The core functionality of a queue is defined by a set of basic operations:

• INSERT (Enqueue): Adds a new element to the rear of the queue.
  • Condition Check: Must check for Queue Full condition before insertion (relevant for array-based or fixed-size implementations).
• DELETE (Dequeue): Removes the element from the front of the queue.
  • Condition Check: Must check for Queue Empty condition before deletion.
• Peek/Front: Returns the value of the element at the front of the queue without removing it.
• isFull(): A function to check if the queue is at its maximum capacity.
• isEmpty(): A function to check if the queue contains no elements.
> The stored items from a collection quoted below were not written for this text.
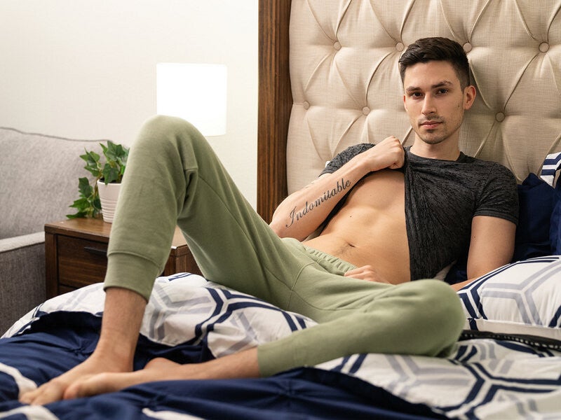After a long day of fun, Kane Fox is horny, but his bf Cristiano says he's too tired for even a blowjob! When twink Joey Mills peeks in, Kane's prayers are answered, so he kneels by the side of the bed as Joey gets underneath and sucks him. When Kane's boyfriend discovers Joey under the bed, he storms out, giving the horny twinks the opportunity for some release! Kane rims Joey, then fucks his mouth before they 69, and the top bends Joey over the side of the bed to give him every inch of his dick. Kane fucks the bottom in missionary and spoon, then Joey orgasms as he rides him before Kane pulls out and cums on his hole!
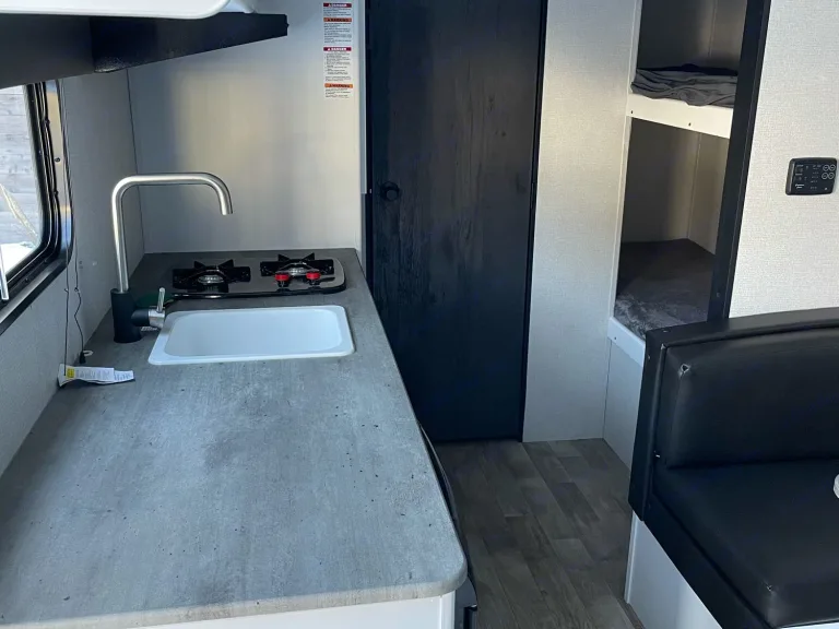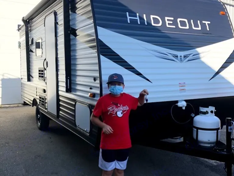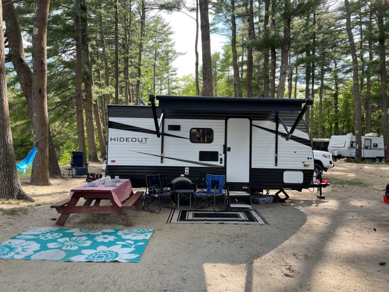 Our Hideout is ready to host your family for your week long vacation or quick weekend getaway! This easy to tow, brand new camper is perfect for couples, a group of friends and families. Featuring a queen size bed in the front and a set of bunk beds in the rear (30" x 74" - perfect for kids needing a cozy place to rest!). It also has a dinette that will convert into a bed, sleeping 1 adult or 2 kids. The kitchen has a sink, 2 burner stove, microwave and refrigerator. The kitchen comes fully stocked with cups, plates, knives, forks, spoons, kitchen/cooking utensils and some pots and pans. The bathroom in the rear has a sink, toilet and 38" walk in shower to wash up from a great day of camping!  Blackout night shades on windows for privacy and a great nights sleep and fresh linens are provided. The hideout is also equipped with heat and an Air Conditioner as well as storage for all your gear.Is it raining on your trip? Don't worry, the Hideout is stocked with board games and card games to keep you busy until the rain passes. Listen to your favorite music with the included Bluetooth capable radio.Outside our trailer comes with a waterproof mat, 4 camp chairs, exterior LED lighting, a 10' power awning and stabilization jacks which makes for a perfect place to enjoy a great campfire.The Hideaway also comes with a propane tank and all the hookup cables and hoses that you will need.Well behaved dogs are allowed upon approval (2 maximum) but please remember that not all dogs love camping and to please know your dog before you bring him/her along. A dog leash hookup is located right outside the front door so your pup can enjoy the outside right along with you. Please do not leave your pet unattended inside the camper. Pick up and drop off times Monday-Friday are at 6PM, weekend pick ups and drop offs can be more flexible. What's includedFresh linens, blankets, an assortment of board games/ card games, outdoor rug, 4X camp chairs, utensils, plastic plates, plastic cups, some pots and pans, coffee maker and 2 hammocks to set up at your campsite. Delivery and full set up and pickup within 30 mile radius upon request (outside 30 miles, please contact for options and pricing). If there is something you may need and you don't see it on this list, please ask...we may be able to locate it for you and help make your trip easier.RecommendationsMaine has so many wonderful campgrounds to choose from. Acadia National Park is one of our families favorite places to visit but there are also many great family campgrounds located in Southern Maine just a stones throw from the lakes and oceans! If you are looking for a specific region or recommendation, send me a message and I'd be glad to help you out. Other things to notePlease allow for 90 minutes at pick up for walk through and instructions. Pick up/drop off times are at 6PM on weeknights. If you are picking up/dropping off on the weekend times can be more flexible.We require that renters who will be towing this listing have the proper vehicle and towing experience. We are able to deliver and set up for you within a 30 mile radius of our home for an additional fee . If you need delivery outside a 30 mile radius we may be able to do that pending our schedule, please contact me for a quote.Well behaved dogs (2 maximum) welcome but remember no festivals, no smoking, and please no tailgating. Do not climb on the roof and please treat our camper as if it were your own.
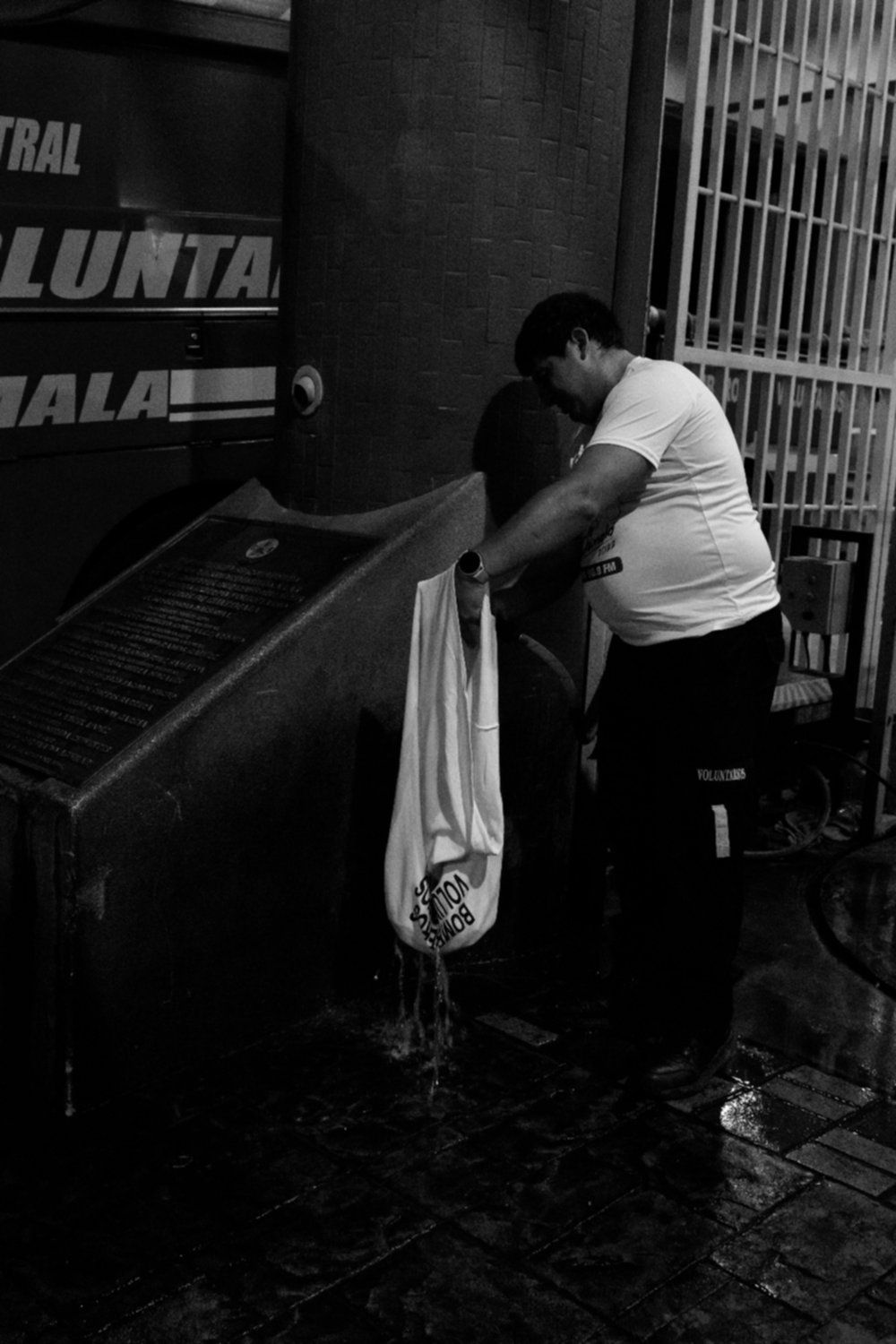El bombero limpia su camisa manchada de sangre al regresar a la estación con una manguera. Crédito: Rolando Alfaro
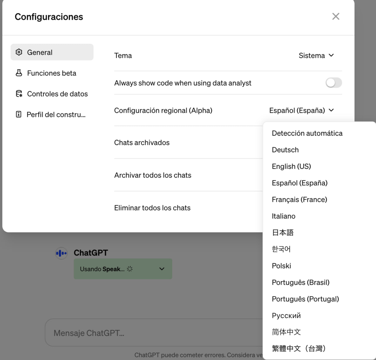Интерфейс ChatGPT теперь доступен и на других языках
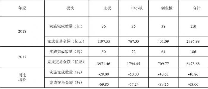 2018年深市完成110单并购重组,同比下降40.86%;并购交易金额2395.99亿元,同比下降63.00%。虽然重大资产重组数量、金额有所下降,但提质增效成果显著,突出服务实体经济主旨。
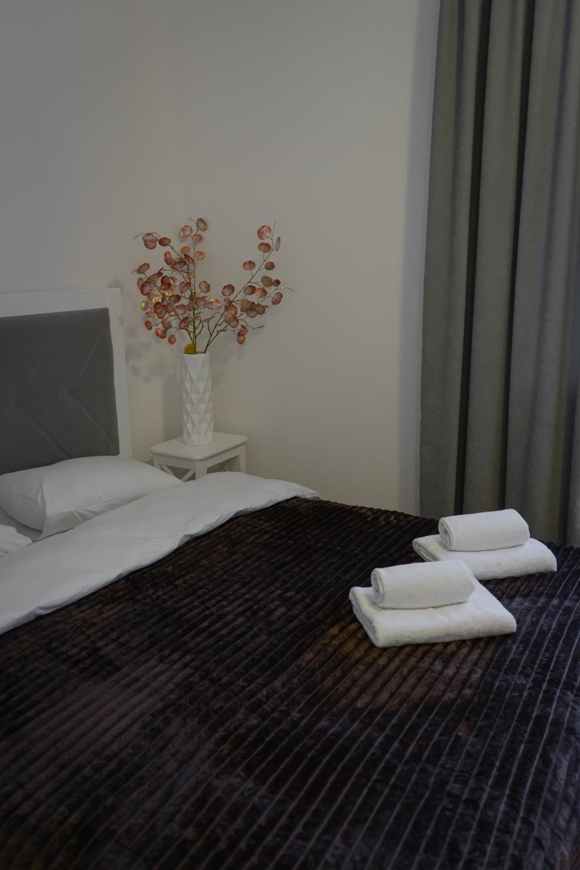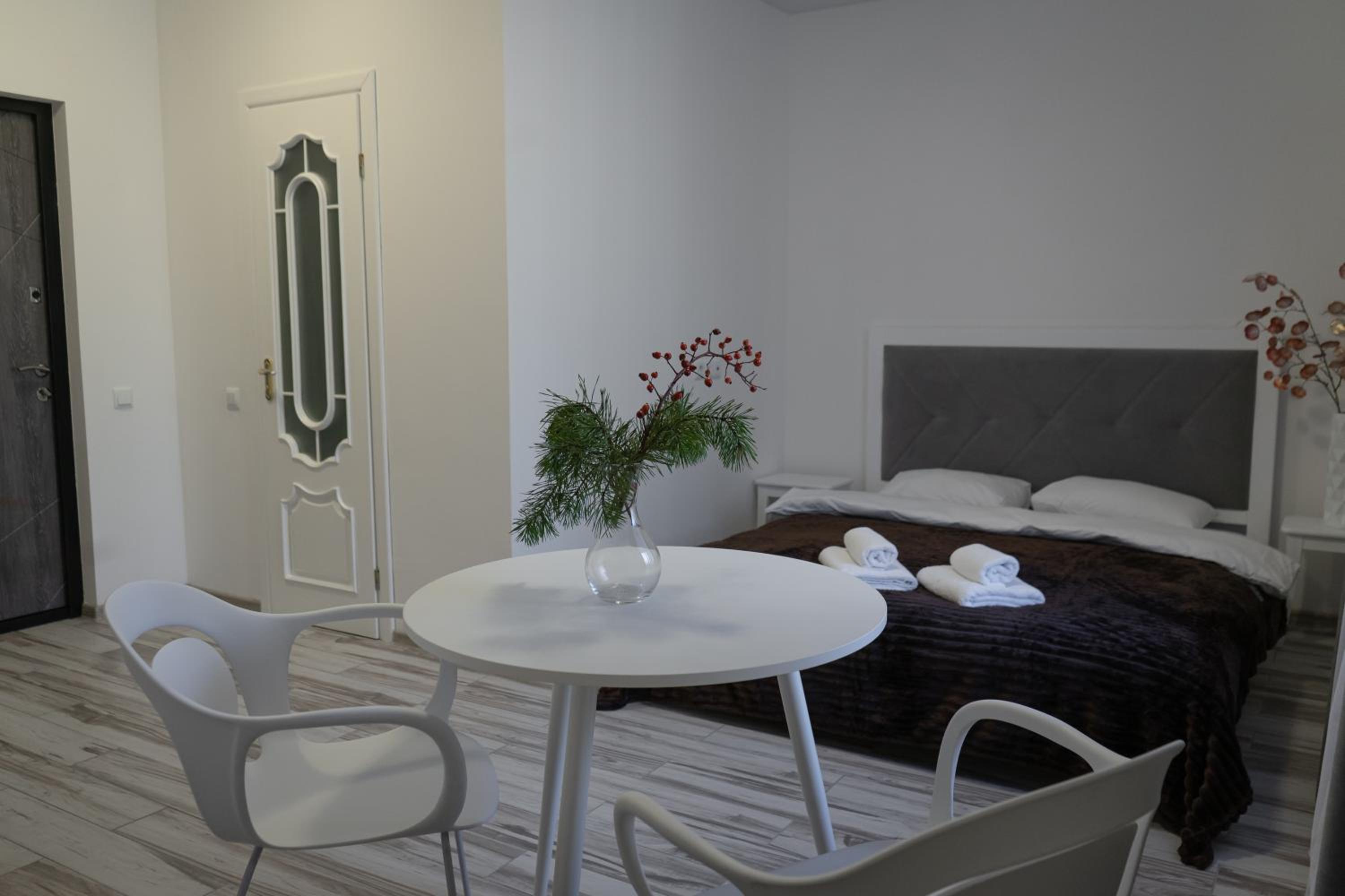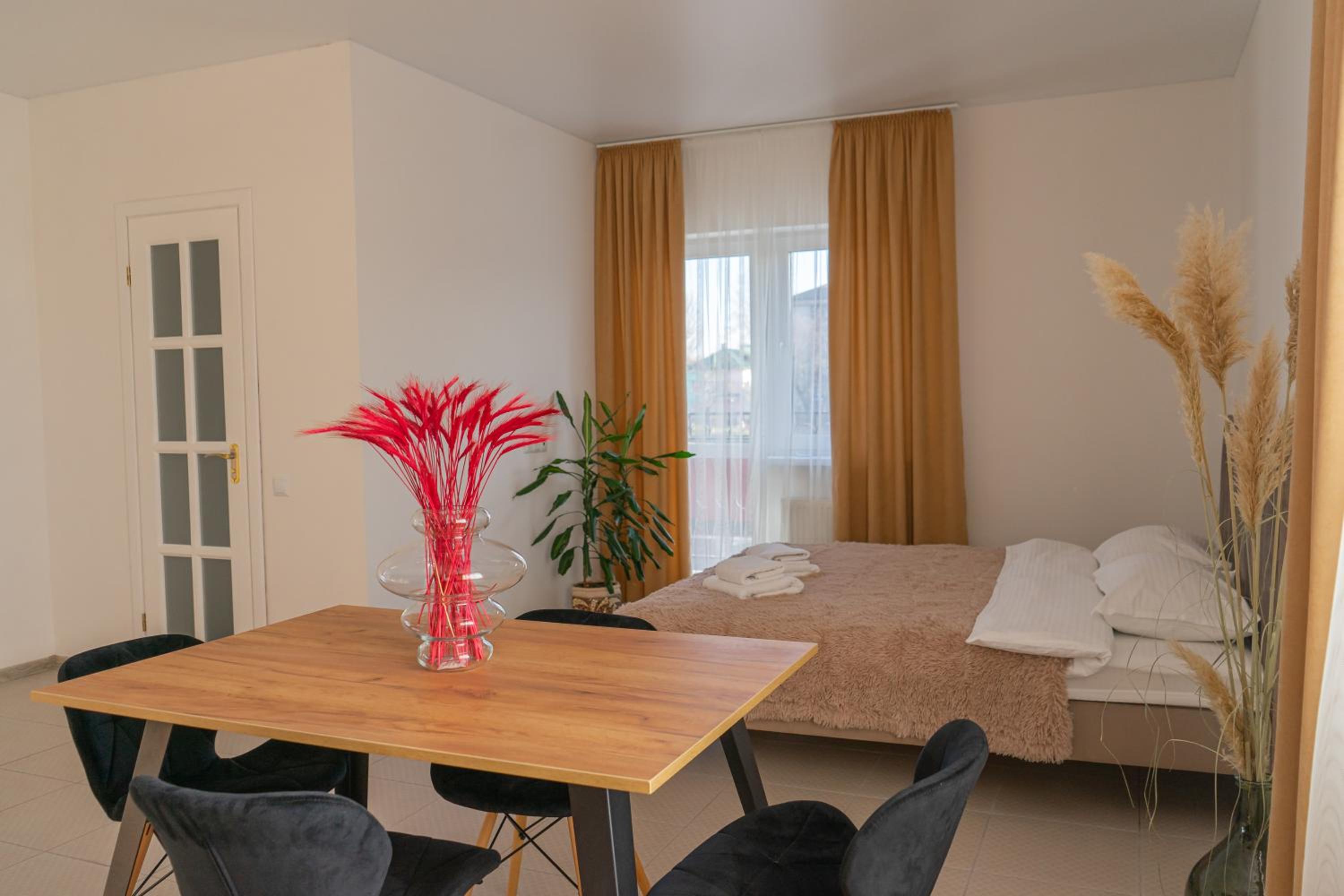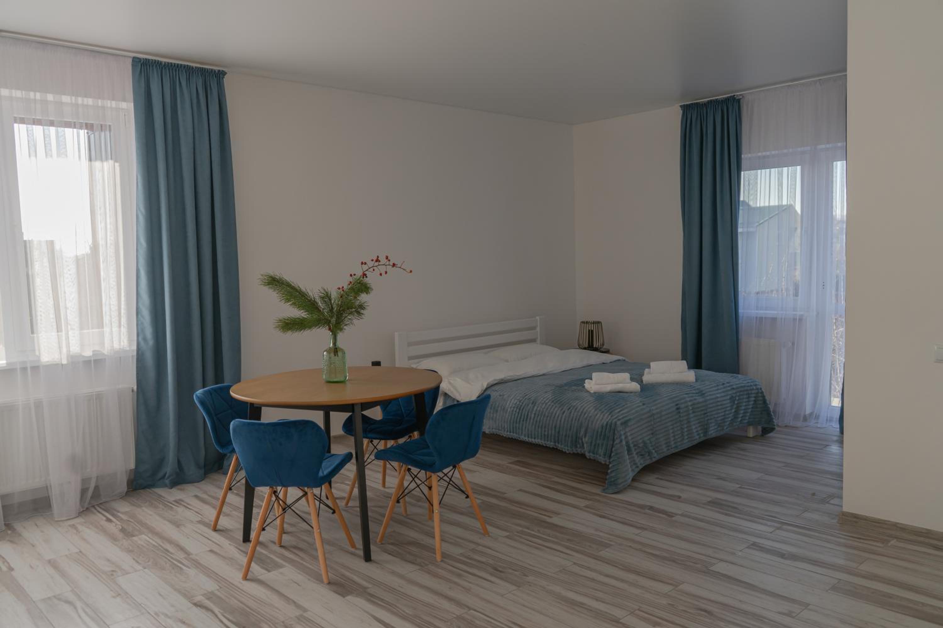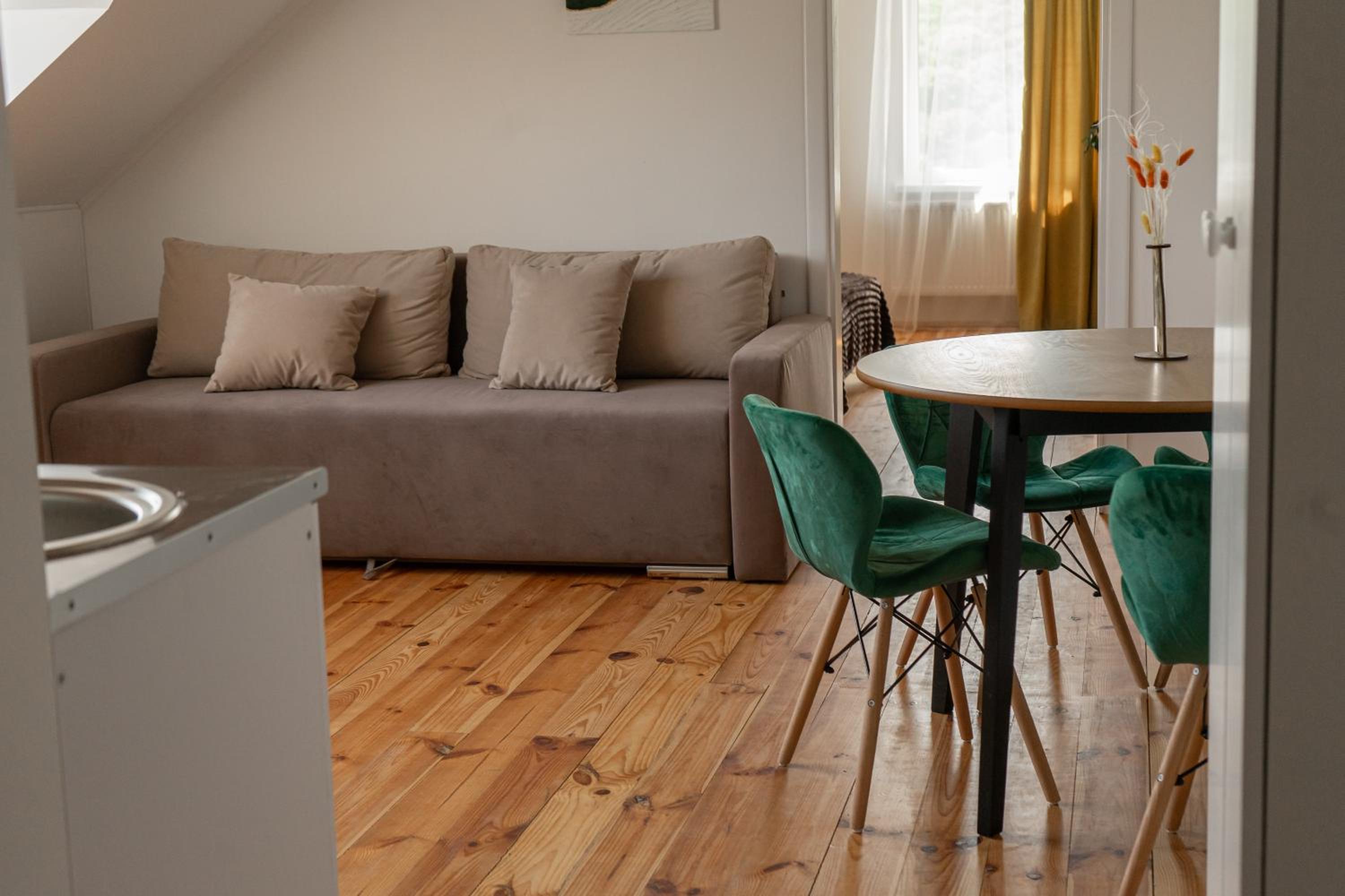 Їхали з запізненням відносно запланованого часу. Важливо було переночувати в номері, який розрахований на 4 осіб не за всі гроші світу, оскільки по дорозі більшість отелів пропонували 2 окремих номери. Саме ці апартаменти знаходилися по дорозі, що дуже зручно, запропонували необхідне нам розміщення, чистий номер, сучасний ремонт, в номері є все необхідне для самостійного приготування їжі (посуд, мікрохвильовка, індукційна піч, чайник). Привітні адміністартори. Є можливість купити готову їжу.
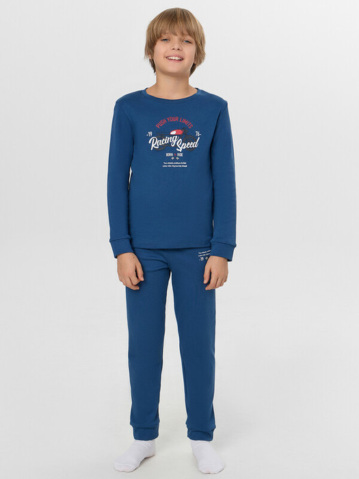 Пижама для мальчиков с надписью "Be wild. Be free" ("Будь диким. Будь свободным") — это комплект для смелых и активных ребят. В набор входит свободный джемпер и прямые брюки, сшитые из мягкой дышащей ткани, которая не раздражает кожу даже во время сна.

Queue Operation Conditions

• Queue Full (Overflow): Occurs when an attempt is made to insert a new element into a queue that is already at its capacity (e.g., when the rear pointer reaches the array’s end in a simple linear queue, or under specific conditions in a circular queue).
• Queue Empty (Underflow): Occurs when an attempt is made to delete or retrieve an element from a queue that contains no elements (i.e., the front and rear pointers indicate an empty state).

5.4 Applications of Queue

Queues are essential in numerous computing scenarios where processing must occur in a strict time-ordered sequence:

• Operating Systems:
  • CPU Scheduling: Managing the sequence of processes waiting for CPU time (e.g., FCFS – First Come First Serve scheduling).
  • I/O Buffers (Spooling): Managing jobs like print requests in a printer queue, ensuring jobs are printed in the order they were submitted.
  • Handling Interrupts: Processing system interrupts in the order they occur.
• Computer Networks:
  • Packet Buffering: Routers and switches use queues to temporarily hold data packets arriving faster than they can be processed or transmitted.
• Algorithmic Applications:
  • Breadth-First Search (BFS): A graph traversal algorithm that explores all neighbor nodes at the present depth level before moving on to nodes at the next depth level, naturally using a queue to manage the nodes to visit.
• Simulation: In event-driven simulations, queues are used to manage the order of events.
• Data Transfer: Used in asynchronous data transfer between processes (like pipes, file I/O) where data production and consumption rates may differ.